Middle East experts have also cautioned that targeting oilfields cuts off Syrian civilians from the infrastructure that they depend on for daily life and stirs opposition to the West's cause.
As Tim Eaton, project manager for Chatham House's Syria and Its Neighbours Policy Initiative, told the Guardian on Thursday:
What happens a lot of the time is that we are presented with this premise that bombing terrorists is a good thing to do and that we oppose Isis and that there may be some civilian casualties which are unfortunate collateral in those strikes.
Taking out oil at the well-head means that while Isis is unable to generate profit from the sale of that oil, civilians that rely on it to heat their homes and run their vehicles will no longer have it.
What we often do not consider is that even soft targets such as oil infrastructure and the infrastructure targets that the defence secretary was talking about today in IS-controlled areas are also the infrastructure that the civilians in those areas rely upon.

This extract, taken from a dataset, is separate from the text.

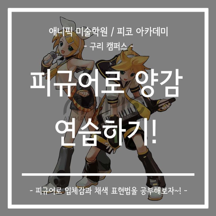 안녕하세요~ 구리 별내 미술학원 / 돌다리 사거리 웹툰 학원 애니픽 미술학원 피코 아카데미입니다! 이번 주가 약간 추웠는데, 오늘 날이 너무 포근해서 기분도 따뜻해지는 하루입니다. 다들 좋은 주말 보내시길 바랍니다~! 오늘 소개할 수업은 <피규어로 양감 연습하기>입니다. 피규어는 다양한 유형의 작품에서 등장하는 캐릭터를 실물 3D 모형으로 나타낸 것을 말합니다. 피규어는 3D이기 때문에, 어떠한 방향에서도 관찰할 수 있다는 특징이 있습니다. 그래서 입체감과 양감을 연습하기에 좋은 자료가 되기도 하는데요~ 단계를 같이 보면서 설명하도록 하겠습니다! 가장 먼저. 스케치 단계입니다! 스케치 단계에서는 라프 단계에서 잡....... <img src="https://blogthumb.pstatic.net/MjAyNjAzMDdfOSAg/MDAxNzcyODYxODgxMzQ3.j_fp883M9OU1Ohus2T23C7nXTrZOgWohzMURCAnTHhkg.TanUMIxFqjaiFnfzyUPjaUs2L0zaFt7U2fv9tCN4RuAg.JPEG/0307_%B4%EB%C7%A5%C0%CC%B9%CC%C1%F6.jpg?type=s3" />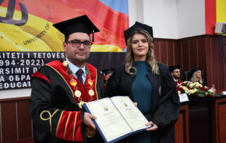 On behalf of all the graduates, with occasion speech addressed Dr. Vegim Zhaku, who said that regardless of sacrifice, desire and will, the realization of the goal remains crippled if there are no individuals who are seasoned for the continuity of the processes essential to our nation. “Like the field of my PhD, which has to do with the reproduction and continuation of the species, so these individuals with ideology, intelligence, vigilance selected from among us the best students, to be part of the staff, and for this I sincerely thank I am the leadership of the University of Tetova, without whom even these doctoral studies could not proceed further, and this has to do with the foresight and vision that these individuals have, because we know that the mind (reason) is a source of important knowledge, while foresight, a serious source of culture. It is quite difficult, even impossible, for a man with reason but no foresight to get anywhere with what he knows, even if he knows many things and understands many things. With the completion of these third cycle studies, it was possible to open new horizons and ranges, but also responsibilities for correctness, transparency, work, knowledge, dedication, because the development and progress of a nation depends on the ideological education of its individuals”- said Dr. Vegim Zhaku.

Much has been made of Shadow Foreign Secretary and Labour MP Hilary Benn's impassioned speech during the debate in the House of Commons, which some said was instrumental in galvanizing a 'Yes' vote by calling for the UK to "confront the evil" of ISIS. But out of the frenzy of lavishing responses, some critical voices emerged to castigate Benn for his "familiar invocation of the just war doctrine," as British journalist Sam Kriss put it in a piece for VICE.
"For those who stand in solidarity with the Syrian people, you cannot say that the decision to send more bombs by the U.K. airplanes will do anything to help them." --Asad Rehman
Benn's speech "was not the masterstroke of a consummate statesman; it was disingenuous nonsense," Kriss wrote. "Benn has form here: he voted for the 2003 war in Iraq (making him far more responsible for the rise of Isis than some of the people who will die in the airstrikes he's so passionately promoting) and the disastrous 2011 air war in Libya.... As if our sincere good wishes mean anything when we're lobbing bombs at a city from 30,000 feet."
The UK-based Stop the War Coalition also expressed its opposition to the authorization, stating Thursday, "There is no good case for British airstrikes in a war which is already seeing the two major military powers, the U.S. and Russia, bombing Syria."
"A new war will not increase the prospects of peace in Syria, nor will the British people be safer from terrorism," the group said.
As the coalition's former national organizer Asad Rehman toldDemocracy Now! on Thursday, "We know that the Syrian people have endured a tragic, violent war. Millions of people have been forced to be refugees. And hundreds of thousands of people continue to be killed each year. And they're being killed by the bombs of all sides. And for those who stand in solidarity with the Syrian people, you cannot say that the decision to send more bombs by the U.K. airplanes will do anything to help them."